Другая сторона уравнения «поддержания огня в топке метаболизма» подразумевает, что скорость обмена веществ может подавляться в периоды «непоступления пищи».

Короткие периоды голодания

После 36 часов голодания наблюдалось увеличение скорости обмена веществ, которая потом не менялась на протяжении следующих 72 часов наблюдений . Уровень адреналина увеличивался через 72 часа (но не через 36) . Измерения, проведенные через 48 часов, показали, что адреналин, по-видимому, способствует более активной выработке тепла (термогенезу) .

Умышленное голодание

У людей, не страдающих ожирением, голодание через день (Alternate Day Fasting, ADF) через 22 дня не приводит к снижению скорости обмена веществ (при условии, что участники эксперимента должны съедать в 2 раза больше пищи в дни, когда они могут питаться, чтобы компенсировать ее нехватку).

Исследования, проведенные во время Рамадана, также демонстрируют отсутствие выраженной разницы по основным параметрам метаболизма у постящихся и не постящихся людей . Однако некоторые исследования, особенно в отношении людей, имеющих проблемы со здоровьем, показывают небольшой положительный эффект поста в Рамадан, если потребление пищи остается относительно стабильным . Правда, согласно другим исследованиям, этот эффект является временным . Несмотря на то, что скорость метаболизма не исследовалась как таковая, скорее всего, она не будет существенно меняться.
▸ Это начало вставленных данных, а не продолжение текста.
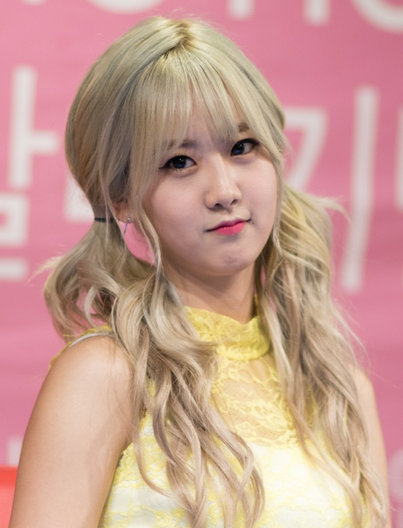 Kang Hyeyeon at a fansigning event in Incheon, 24 May 2015
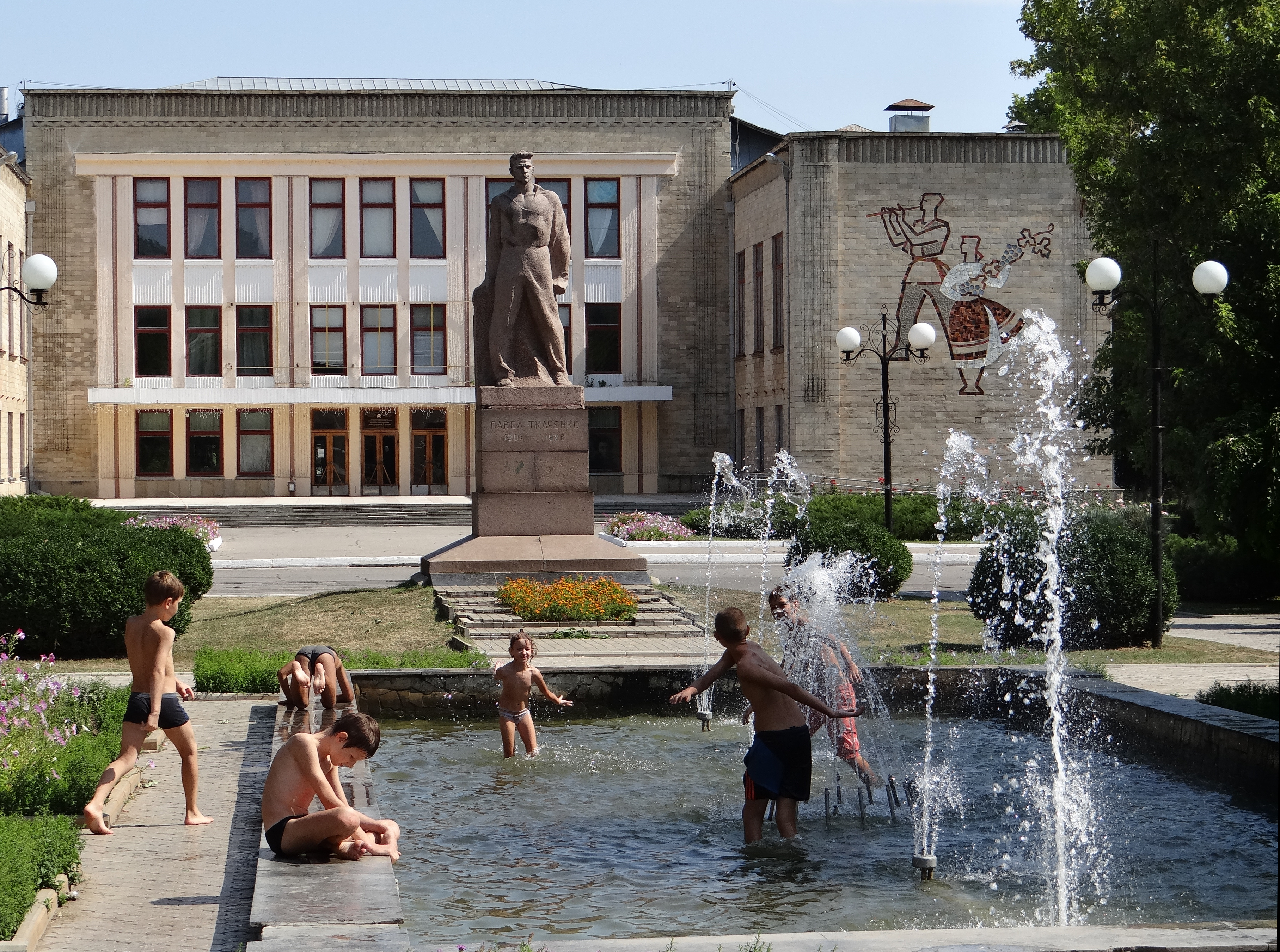 Kids in Fountain with Facade Backdrop - Bendery - Transnistria

Какая роль отводится водному балансу в плане питания для жиросжигания

Необходимо жестко контролировать свое питание. Нужно есть правильную пищу в правильных пропорциях и количестве. Многие, сев на диету, делают все «на глазок». Приход калорий каждый день меняется. Питаясь «на глазок», можно задать лишь некий тренд для организма, направленный на уменьшение жировой прослойки. Диета, при которой вы получаете значительную разницу по количеству калорий в разные дни, малоэффективна и не позволит управлять процессом похудания. Вы должны знать, что и сколько съедаете каждый день. Это нужно для того, что бы вы могли контролировать процесс похудения и вносить своевременные поправки. Большинство жиросжигателей, применяемых многими атлетами с целью похудения, способны подавить аппетит и соответственно помочь контролировать свой рацион. Решение купить жиросжигатель в этой связи будет весьма практичным, и вы еще получите хороший бонус, в виде термогенных и липотропных эффектов, но это тема другой статьи.

Контролировать процесс похудения.

Самым удобным будет недельный контроль:

  • слишком быстро (потеряли 2 – 2.5кг) – значит, увеличиваем количество калорий (худеете в том числе и за счет мышечной массы);
  • не худеете вообще или худеете очень медленно (потеряли 150 – 300г) – уменьшаем количество калорий.
  • если потеряли 0.5 – 1кг за неделю, то ничего не меняйте (так и продолжайте питаться). Это идеальный вариант! При таком раскладе мышцы остаются не тронутыми (горит только жир).